Study Old Movies

It’s tempting to rush to the theaters every weekend to see the latest movies, but chances are good each weekend’s offerings will be less than satisfying. That’s because only a handful of great movies appear every year so your chances of seeing a great movie every weekend is small.

Instead of seeing the latest Hollywood movies each weekend, try watching older movies to study them. Older movies are often laughably dull compared to today’s faster paced movies, yet a handful are still compelling after all these years (or even decades). By studying these older movies, focus on what makes them work.

Perhaps the best movies to study are the ones that were initially failures at the box office. Critics hated “The Wizard of Oz” when it first appeared. Yet if you study the story structure, you can see it’s no different from today’s movies. Dorothy starts out with a problem (she wants to save Toto) and comes up with a solution (run away from home). Then she gets transported into the magical land of Oz and now her new problem is finding her way back home, which she was in the process of doing anyway until the tornado took her away.

So from start to finish, Dorothy changes. Initially she wanted to run away from home to save Toto, but near the end she realizes there’s no place like home. The entire story is about Dorothy trying to achieve that single goal of getting back home again.

Now study a recent movie like “The Martian.” The hero is an astronaut stranded on Mars and his goal is to stay alive and eventually get back to Earth. Everything he does is focused on staying alive and finding a way to get home again. First, he’s focused on survival by planting potato crops and living in the base. Second, he’s focused on communicating with Earth. Third, he’s focused on getting to a simple rocket so he can launch himself into orbit and get picked up by his passing spaceship.
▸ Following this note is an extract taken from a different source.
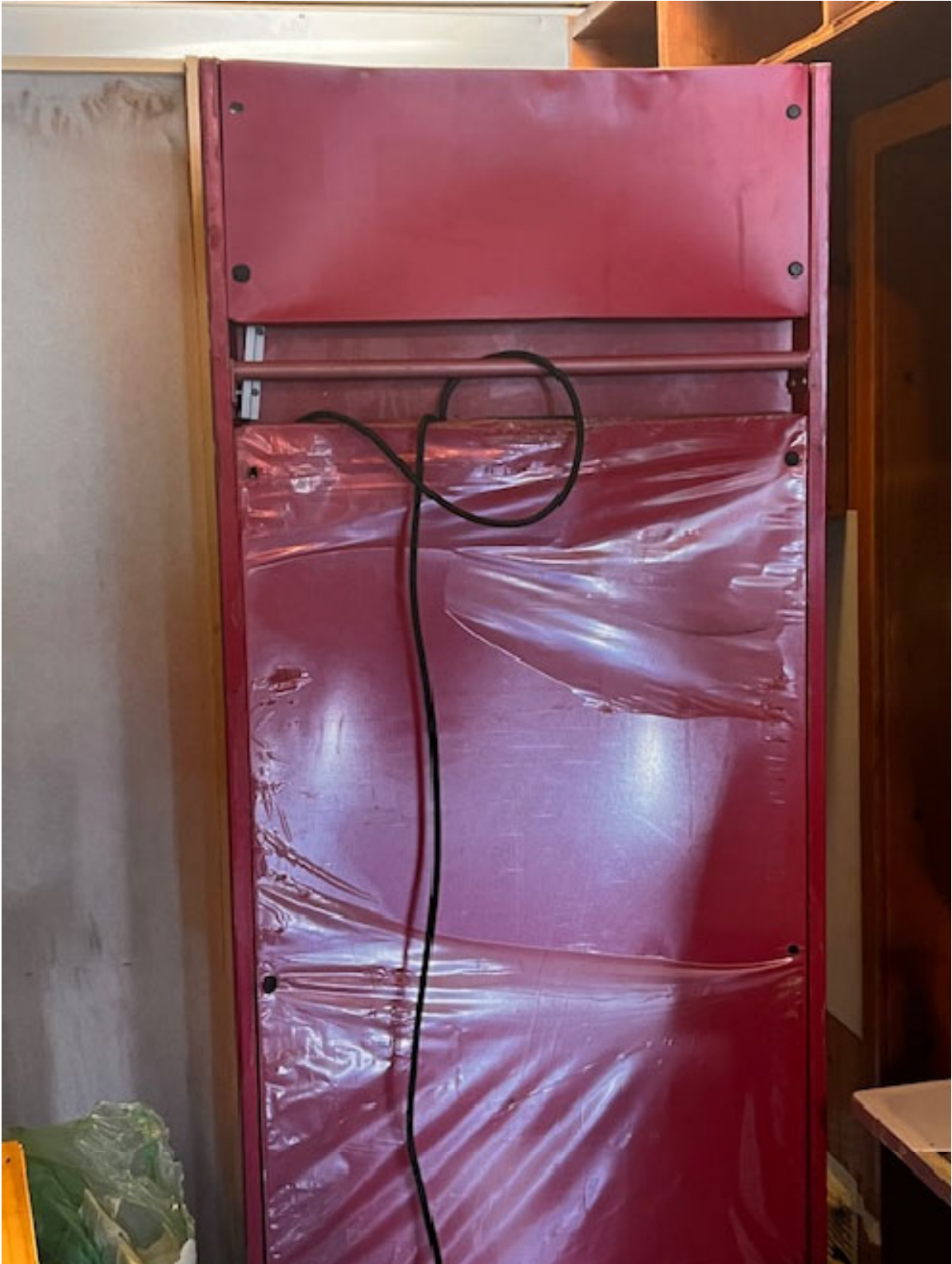
Figura 17 n. 1 FRIGO COLONNA EURODRINK

Every goal is geared towards helping him achieve is initial goal, which is to get back home. Every obstacle threatens to stop him from his potato crops dying to having to jury-rig his equipment to keep him alive as he makes the journey to the rocket on the surface of Mars that’s far away from his base.

Where most screenwriters go wrong is when they focus on the exciting elements of a story and forget the underlying story itself. “The Finest Hours” was about the most daring Coast Guard rescue in history. Beyond the actual exciting events of a ship breaking up and floating away while the men wait for it to sink and think they’re doomed, “The Finest Hours” neglects to focus on a problem beyond the physical.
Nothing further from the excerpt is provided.